3 wiersze o Słudze Bożym, ks. Franciszku Blachnickim, twórcy ruchu Światło-Życie
Narodziny Gdy wczesna wiosna i młoda niepodległość przedzierały się z trudem przez grząskie grzbiety hałd i wtłoczone w gęstą szarość kopalniane wieże rodził się syn Franciszek. Anioł Stróż z rozwiniętymi skrzydłami huśtał kołyską. W ciepło domowego ogniska wplatał się nowy płomień jak gorący chleb wyjęty z pieca. Bóg kruszył pieczęć kolejnego rozdziału Księgi życia I otworzono Księgę.
Nowe Ziarno Najpierw śmierć podszyła się w tatuażu numeru 1201, w nabrzmiałe ludzką krwią milczenie Auschwitz i ciężki dym krematorium. Później błysnęła na srebrnym ostrzu gilotyny i w zalęknionych oczach Skazańca. Mur więziennej kaźni jak pętla, wolno zaciskał się na szyi. I nagle, jak do Szawła, przyszedł Chrystus. Zachwiały się fundamenty aresztu i ludzkie wyroki. Pomiędzy kolczaste druty i zasieki serca Bóg wsiał nowe życie rozświetlone kagankiem wiary. Na widnokręgu zakiełkował tęczowy pejzaż: trysnęły wodospady łaski i łąki cierniowe.

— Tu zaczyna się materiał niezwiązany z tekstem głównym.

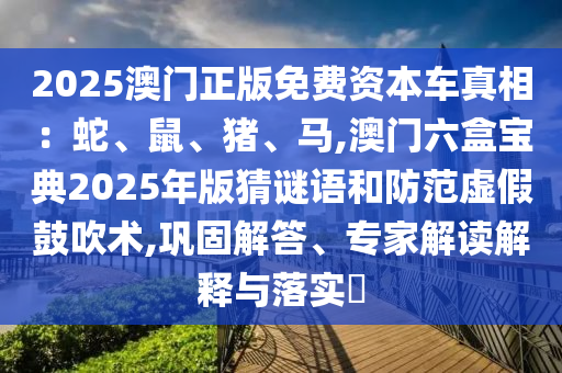 2025澳門正版免費(fèi)資本車真相:蛇、鼠、豬、馬,澳門六盒寶典2025年版猜謎語(yǔ)和防范虛假鼓吹術(shù),鞏固解答、專家解讀解釋與落實(shí)?
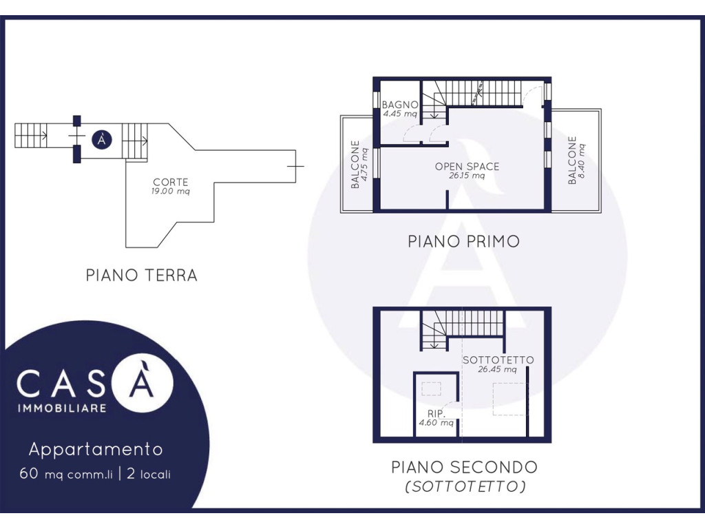 Si sviluppa al primo piano con soggiorno cucina open space, zona notte e due balconi, mentre al piano sottotetto è possibile ricavare una seconda camera da letto.
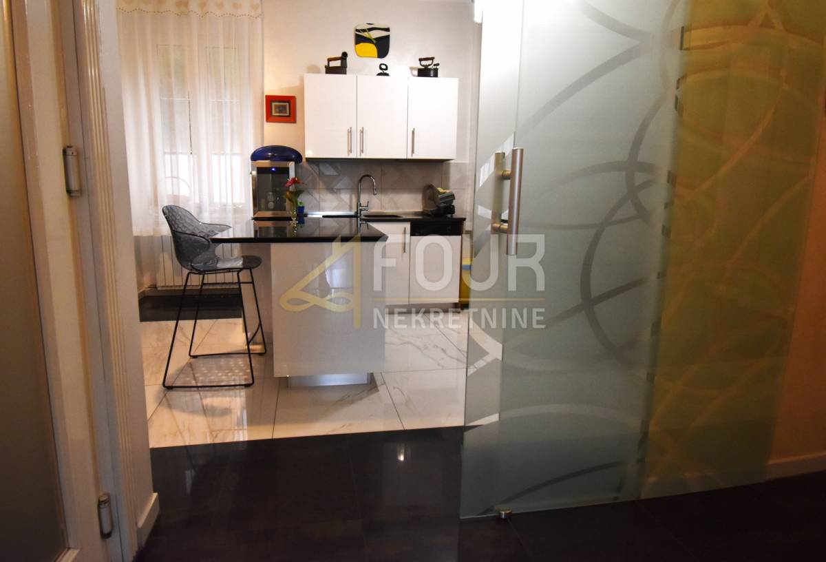 Podovi u sobama su izvrsni hrastovi parketi, dok su ostali podovi obloženi kvalitetnom talijanskom keramikom. Kuhinja je rađena po mjeri s radnom pločom od granita. Tri sobe nude dovoljno prostora za spavanje, rad ili odlaganje, dok prostrana kupaonica, zaseban toalet i praonica dodatno podižu funkcionalnost stana.
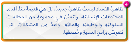 - البطاقة الرابعة: الفساد ظاهرة قديمة تعيق التنمية وتتطلب مواجهتها.

W cieniu kiełkującej aureoli Po trudach i wytrwałej wędrówce, po zmaganiach i udręczeniu, po cierpliwym przebrnięciu spiekoty dnia wieczność na dobre rozgościła się w Jego duszy. Teraz odpoczywa w niebieskiej oazie, na polanach soczystego wytchnienia. W białej szacie opłukanej w krwi Baranka, za stołem zastawionym do wiecznej Uczty. Z pucharem zwycięzcy w dłoniach, w laurowym wieńcu, którego liście nie więdną. Na firmamencie nowej ziemi i nowego nieba, w Krościenku chwały, w cieniu kiełkującej aureoli.
Autorka zdobyła III nagrodę (w kategorii poezji) w niedawno rozstrzygniętym konkursie literackim, poświęconym życiu i działalności Sługi Bożego, ks. Franciszka Blachnickiego.